Então veio o tombo, longo e profundo. E esse doeu. Ainda dói. Mesmo assim, parece que o sol não desistiu de brilhar para mim. Mudei de cidade, mudei de vida, e agora corro contra a máquina, contra o tempo. Ainda estou casado, mas não estou rico. Ainda desenho, mas parece que não muito bem, porque não consigo ganhar dinheiro com isso. Amigos? Acho que realmente nunca tive. Porque meu conceito de amizade não parece ser o mesmo das outras pessoas.

Hoje? Hoje sou um cara meio solitário e, olhando para trás, percebo que sempre foi assim. Nunca gostei de comemorar aniversário, sempre sai das festas antes dos outros, nunca me abri muito com alguém. Bebo menos do que antes, cozinho relativamente bem e tenho as manhãs livres. Estou com a faculdade trancada e sem previsão de volta. Tenho um emprego, nada diferente dos outros, que não me dá nenhum prazer, mas paga as contas. Mas pelo menos acordo ao lado de uma pessoa linda, e isso é encorajador. Lamento mesmo é não ter meus cachorros por perto. 

Agora, é só tocar para frente. E criar coragem para suportar as decepções (e felicidades, porque não?) que a vida ainda tem reservadas para mim.
c.s.

quarta-feira, 4 de abril de 2012

K.

Nesses longos dias que vão tomando minha vida, tomei o hábito quase perigoso de ler tudo o que me cai na mão. Ou para esquecer, ou para passar o tempo, certamente para me divertir. Ai vai de tudo, leio biografia, livro de fantasia, aquele onde o inverno está chegando, outro de ficção (os meus preferidos), e cabe até um autor brasileiro, vez por outra.

Confesso que cada dia tenho mais certeza que dá para substituir os livros pelas pessoas. Ele pelo menos não te julga, não te olha torto, e te leva a lugares incríveis.

Que venha o próximo, porque já estou na página 201 do que estou lendo. Quase acabando.

c.c

sexta-feira, 9 de março de 2012

Sem palavras #0001!


Lá vai. Começando o diário gráfico. Ou não. Apresetando : Sem Palavras.
p.s. Ainda estou pensando qual vai ser a cor da tira, portanto, esperam mudanças.

TeChau.

quinta-feira, 8 de março de 2012

OIDOCU, sem comics!

As vezes me pego pensando como fazer o tempo durar mais. Quer dizer, o que penso mesmo é como não perder tempo. Tenho a nítida sensação de que sempre estou correndo atrás do prejuízo. Talvez seja verdade. Certo é que nunca aprendi a organizar meu tempo - porque cada um tem o seu tempo, dentro das 24 horas que alguém, lá no passado, nos obrigou a respeitar.
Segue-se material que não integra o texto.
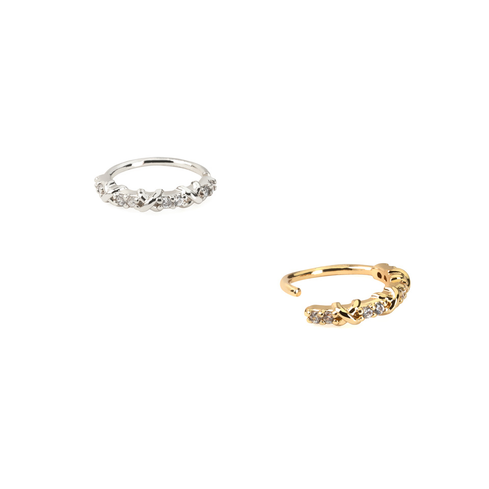 Nume: Cercel răsucit cu model în X cu pietre pavate
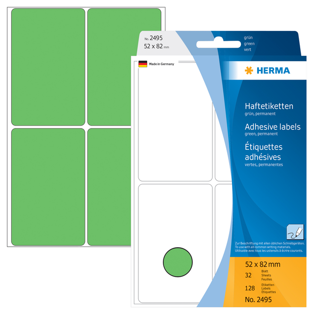 Eigenschappen "Etiket HERMA 2495 52x82mm groen 128stuks"

Porque isso agora? Ué, demorei tudo isso porque ainda não era "tempo" de fazer um mea culpa. Assim, finalmente (já era tempo!!), estou planejando outros rumos para esse blog. Ele foi concebido como um canal para "mostrar" meu trabalho com os famigerados Minicomis, que publiquei de maneira medieval lá nos idos de 2007. Oidocu era a "editora" dessas obras. Obviamente o canal foi transformando-se e acabou se tornando no meu "olá, mundo, olha eu aqui, me contratem, me dê trabalho!!!", e etc.

Engraçado é ver que sempre postei muito mais textos do que desenho no blog. Na real, gosto muito de escrever. Pensei nisso por tanto tempo que deicidi transformar isso aqui em algo como um diário ilustrado. Boa, não? Com o tempo (sempre ele), vou fazer umas mudanças no layout, etc e etc. Quanto a arte em si, a coisa que gosto de fazer e que me faz pensar que as coisas sempre podem ser melhores, ainda vai estar por aí, ou no deviantart, ou em outro blog, quem sabe?

Procura lá, se valer a pena! Melhor ainda, se der tempo.


c.s.
 
p.s. O desenho ai é um dos esboços que fiz para o desenho de uma cena de uma hq medieval. Quase utilizei ele, mas acabei optando por outro. De qualquer maneira, não vai ficar anônimo.

quarta-feira, 17 de agosto de 2011

34, mas com gosto de 68!


Fico pensando se ainda vale a pena escrever e postar algo por aqui, mas vá lá, hoje é meu aniversário. Vou me dar esse direito.

Passei pela “idade de cristo” e sobrevivi. O que não quer dizer que não tenha carregado minha cruz. Quer dizer, ela ainda me traz dores até hoje. O dia chegou e pus-me a olhar para trás. Minha esposa diz que estou “xixi-cocô”. Na realidade estou mesmo é ficando velho. Pior, ainda estou com as mesmas dúvidas de quando tinha metade de minha idade.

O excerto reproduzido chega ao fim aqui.